# CD-RW mounting and configuration

## azambuja

hello,

ive installed gentoo and i have 2 cd-drives. A DVD and a CD-RW. in /mnt/cdrom is my DVD drive, but my CD-RW is not there (as cdrom1 or cdrom2)... how do i configure it, so i can mount /mnt/cdrom1 the cd-rw drive?
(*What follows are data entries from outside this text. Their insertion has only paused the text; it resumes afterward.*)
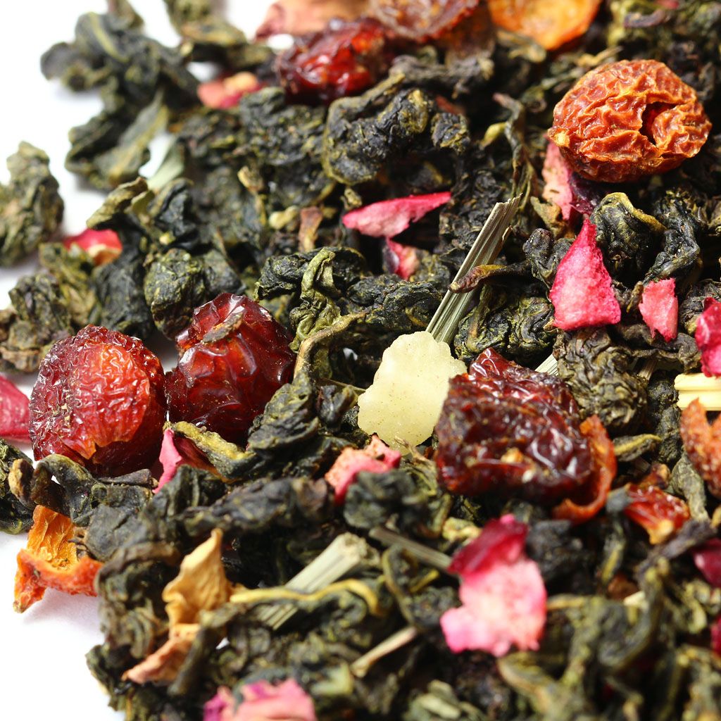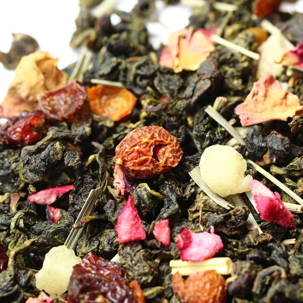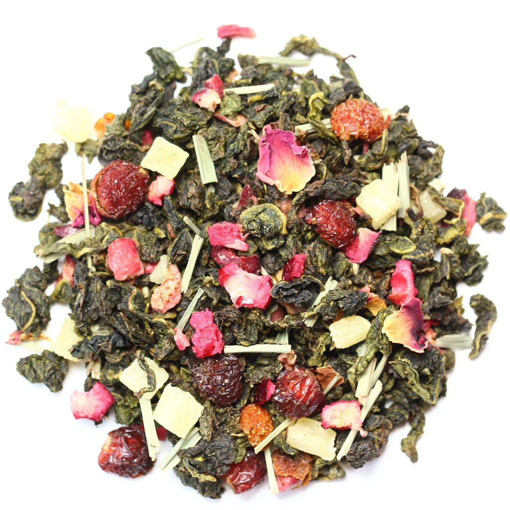 Китайский чай улун, кусочки ананаса, шиповник измельченный, лемонграсс, кусочки клюквы, лепестки розы, аромат земляники и черимойи.
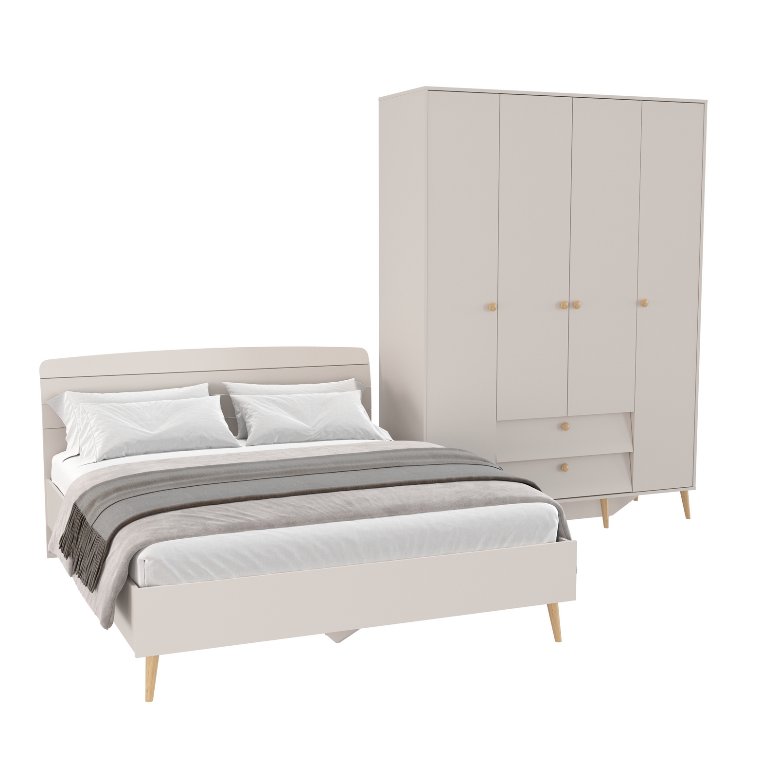 Набор мебели Афина из кровати двуспальной 1600 и шкафа 4-х дверного для одежды — изящное воплощение минимализма и утонченного стиля! Теплый цвет кашемир серый добавляет интерьеру уют и гармонию, прекрасно дополняя современный декор спальни.
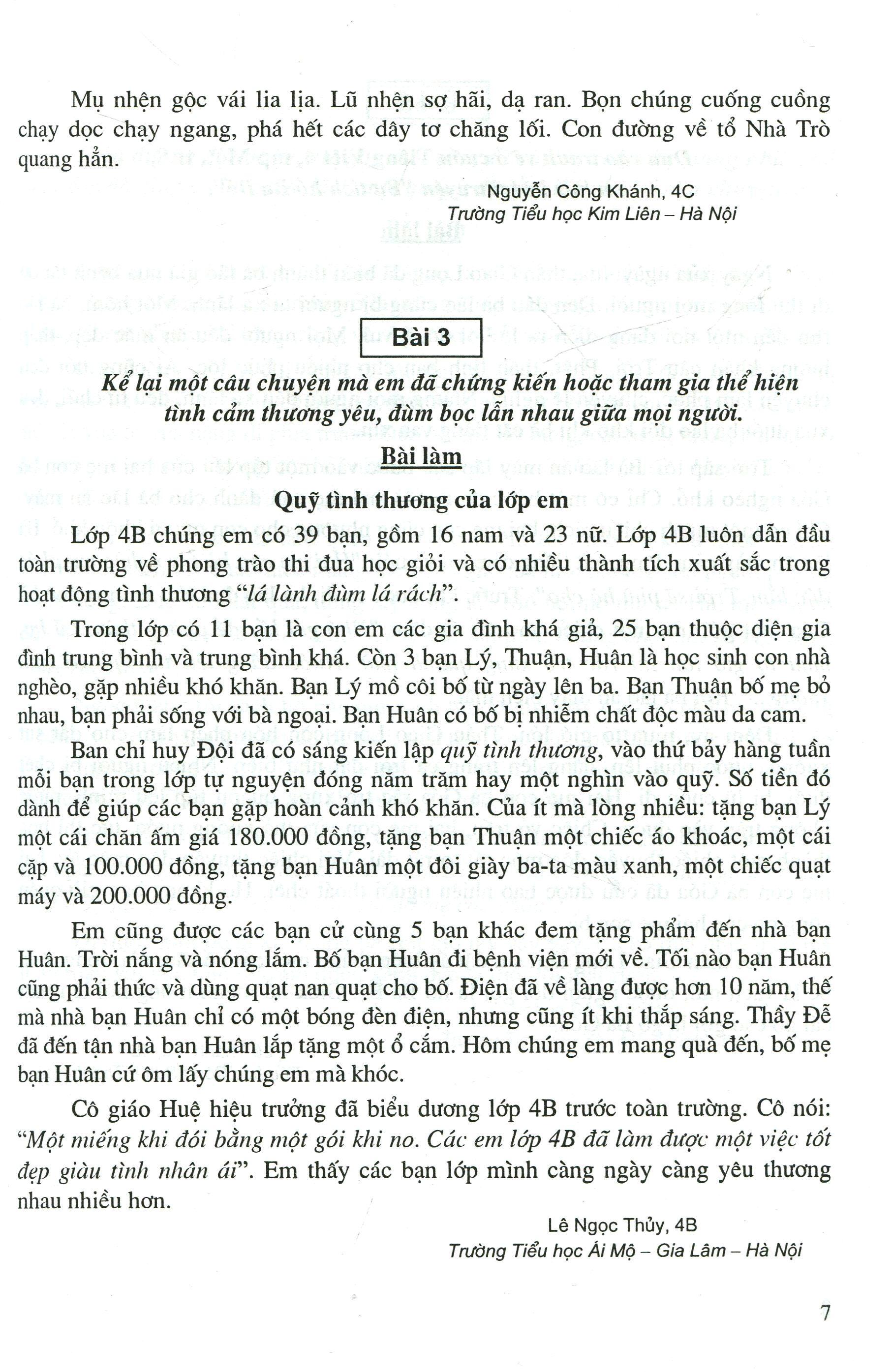 Tuyển chọn những bài văn kể chuyện bao gồm 4 cuốn, chia theo các lớp ở bậc tiểu học từ lớp 2 đến lớp 5. Sách được biên soạn với mong muốn giúp các em học sinh có thêm tài liệu tự đọc và tự học.Các bài văn kể chuyện theo các dạng bài, kiểu bài sau: kể chuyện theo tranh, kể chuyện theo câu chuyện được học ở bài Tập đọc, kể chuyện về một câu chuyện dựa theo trí nhớ qua việc đọc sách hoặc được nghe kể. Có bài kể chuyện sáng tạo mà người kể phải nhập vai vào nhân vật trong câu chuyện, có hình thức phân vai, dựng lại câu chuyện. Lên lớp trên, Văn kể chuyện viết về người thật, việc thật, kể lại một kỷ niệm sâu sắc, cao hơn nữa là kể chuyện tưởng tượng.Các bài văn kể chuyện trong cuốn sách này phần lớn được tuyển chọn qua các bài văn đạt điểm cao của các em học sinh tiểu học.

im passing this parameters to the kernel thru grub:

hdd=ide-scsi devfs=mount

i think that the hdd=ide-scsi is required for a cd-rw drive, right?

thanx/cheers

----------

## BonezTheGoon

I'm not sure whether hdd=ide-scsi is a valid command, I know that hdd=scsi is though (they could both be valid, but I can only guarantee that the latter is correct).  Also I found it interesting when troubleshooting the other night that the "SCSI Emulation" option in the kernel indicates (inside the help menu for SCSI Emulation) that IDE-CDROM support must be disabled (otherwise the IDE support will be used instead, regardless of the hdd=scsi option).  So if and when you recompile your kernel you should remove support for IDE-CDROMs and you should be sure to specify both your DVD and CD-RW as scsi devices to your kernel (in your bootloader, grub, lilo, etc).  After making such mentioned changes I would guess that your DVD and CD-RW will show up in /dev/cdroms/ (as cdrom0 and cdrom1).  Hope that helps!

Regards,

BonezTheGoon

----------

## mksoft

There's an article about it in LinuxPlanet. You might want to read one of the comments about it in LinuxToday talkback, which gives a very detailed explanation.

----------

## weirdo

Simple go in the install guide and read the yellow block after the kenrel installation.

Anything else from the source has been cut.